**WHAT YOU WILL DO:**
When you repeat the entries, reproduce each line exactly and omit every picture.

▼▼▼

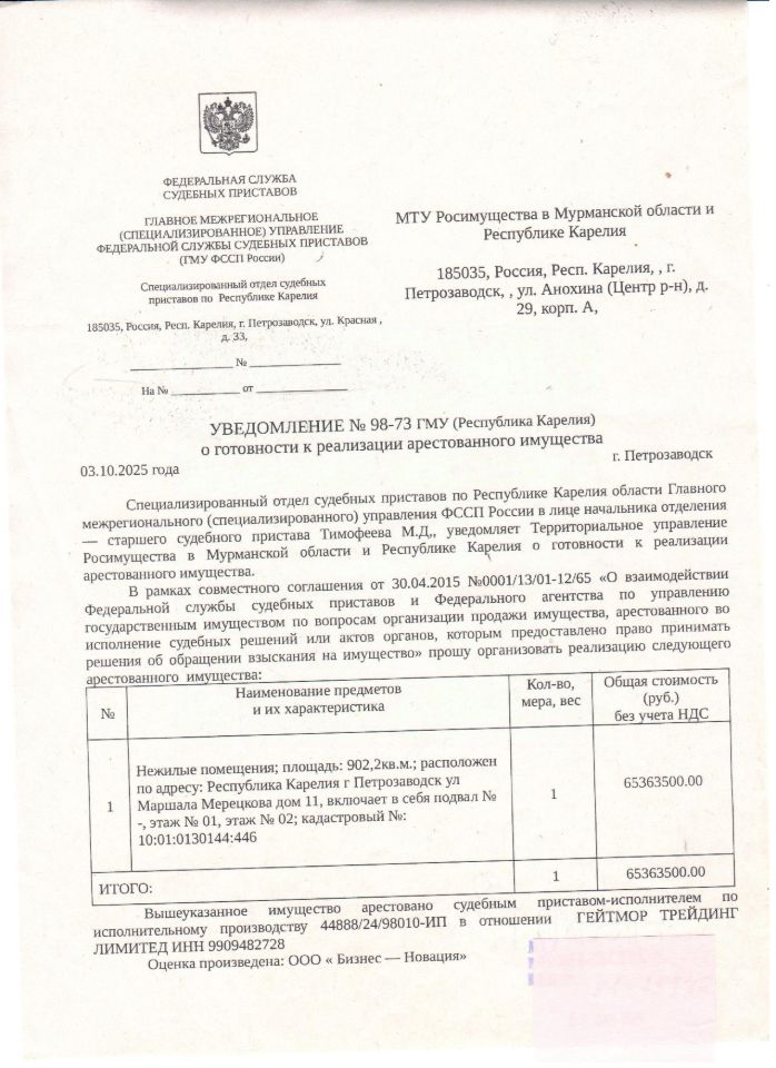 Нежилые помещения, площадью 902,2 кв.м., расположенные по адресу: РК, г. Петрозаводск, ул. Маршала Мерецкова, д. 11, включает в себя подвал, этаж 01, этаж 02, КН 10:01:0130144:446.
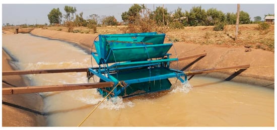 Water turbine (approximately 1.4 kW of power output) on the Koga canal located in the region surrounding the study domain.
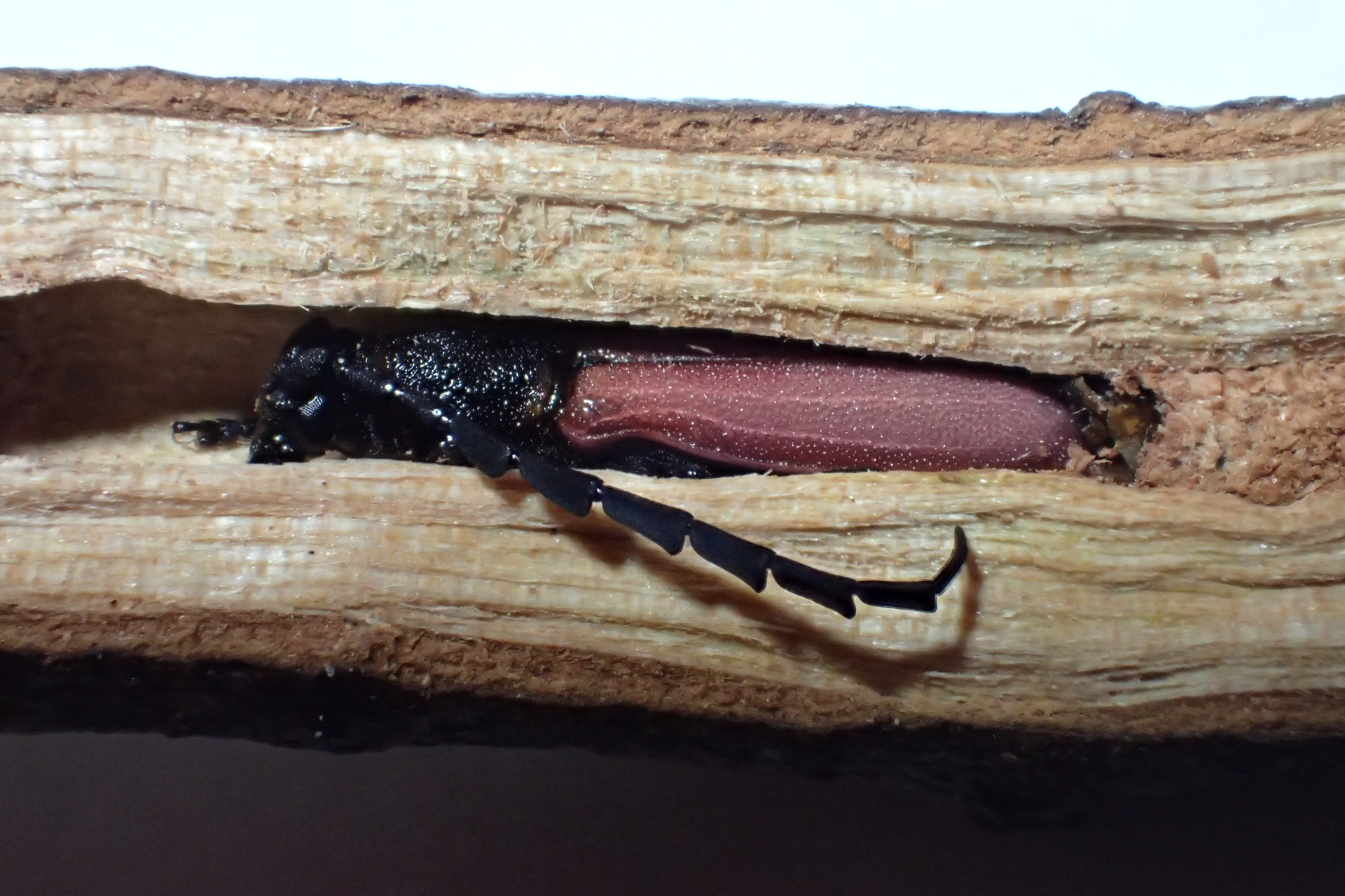 おお、蛹室の中で羽化した新成虫(♂)が現れました。未だちょっと色付き具合が淡いですね。
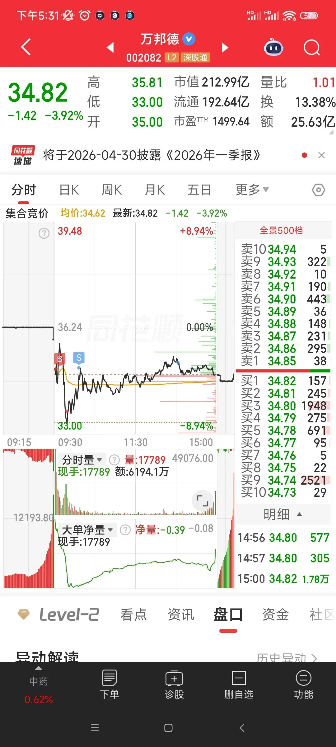 万邦德的话就是正常做t了,开盘吸了一笔,-7又吸了一笔,后面拉高慢慢出。为什么进药断板的情况下还敢买万邦德?一个是前面说的美诺华和金陵涨停说明创新药没退潮。一个是万邦德今天量能也不错,接近平量阴。而且万邦德之前发过业绩预告的,业绩还行。那么今天这种行情下,早上那波杀跌到跌停的可能性就很低,所以胆子大又吸了一笔。其实像今天这种行情,能跌停的无外乎就几种,逻辑证伪或者公司暴雷。逻辑证伪就比如抄石油原油这些和战争相关的,战争一停逻辑就没了。公司暴雷就是什么立案了,被抓了,公司违规之类的。万邦德都没有。而且最关键的,最高版进药进监管都没跌停,万邦德又没进监管凭啥能跌停。
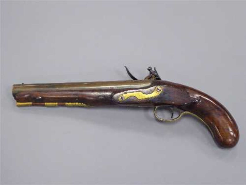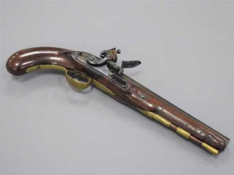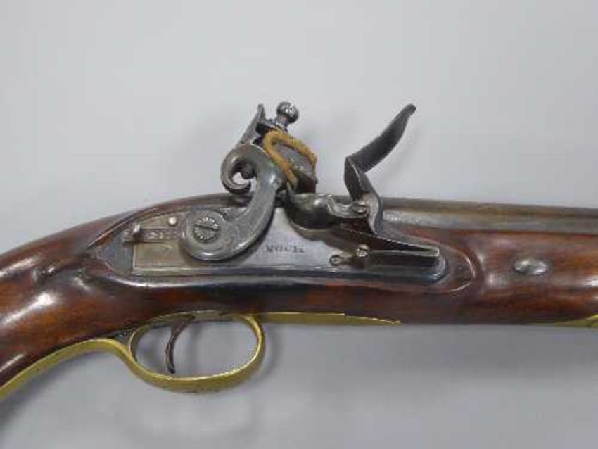 A good late 18th/early 19th century officer's flintlock pistol, by Henry Nock of London, the 22.5cm browned steel barrel stamped LONDON and with proof marks, with rounded walnut grip and brass tipped ramrod.

▲▲▲

**EXERCISE RESPONSE:**
 Нежилые помещения, площадью 902,2 кв.м., расположенные по адресу: РК, г. Петрозаводск, ул. Маршала Мерецкова, д. 11, включает в себя подвал, этаж 01, этаж 02, КН 10:01:0130144:446.
 Water turbine (approximately 1.4 kW of power output) on the Koga canal located in the region surrounding the study domain.
 おお、蛹室の中で羽化した新成虫(♂)が現れました。未だちょっと色付き具合が淡いですね。
 万邦德的话就是正常做t了,开盘吸了一笔,-7又吸了一笔,后面拉高慢慢出。为什么进药断板的情况下还敢买万邦德?一个是前面说的美诺华和金陵涨停说明创新药没退潮。一个是万邦德今天量能也不错,接近平量阴。而且万邦德之前发过业绩预告的,业绩还行。那么今天这种行情下,早上那波杀跌到跌停的可能性就很低,所以胆子大又吸了一笔。其实像今天这种行情,能跌停的无外乎就几种,逻辑证伪或者公司暴雷。逻辑证伪就比如抄石油原油这些和战争相关的,战争一停逻辑就没了。公司暴雷就是什么立案了,被抓了,公司违规之类的。万邦德都没有。而且最关键的,最高版进药进监管都没跌停,万邦德又没进监管凭啥能跌停。
 A good late 18th/early 19th century officer's flintlock pistol, by Henry Nock of London, the 22.5cm browned steel barrel stamped LONDON and with proof marks, with rounded walnut grip and brass tipped ramrod.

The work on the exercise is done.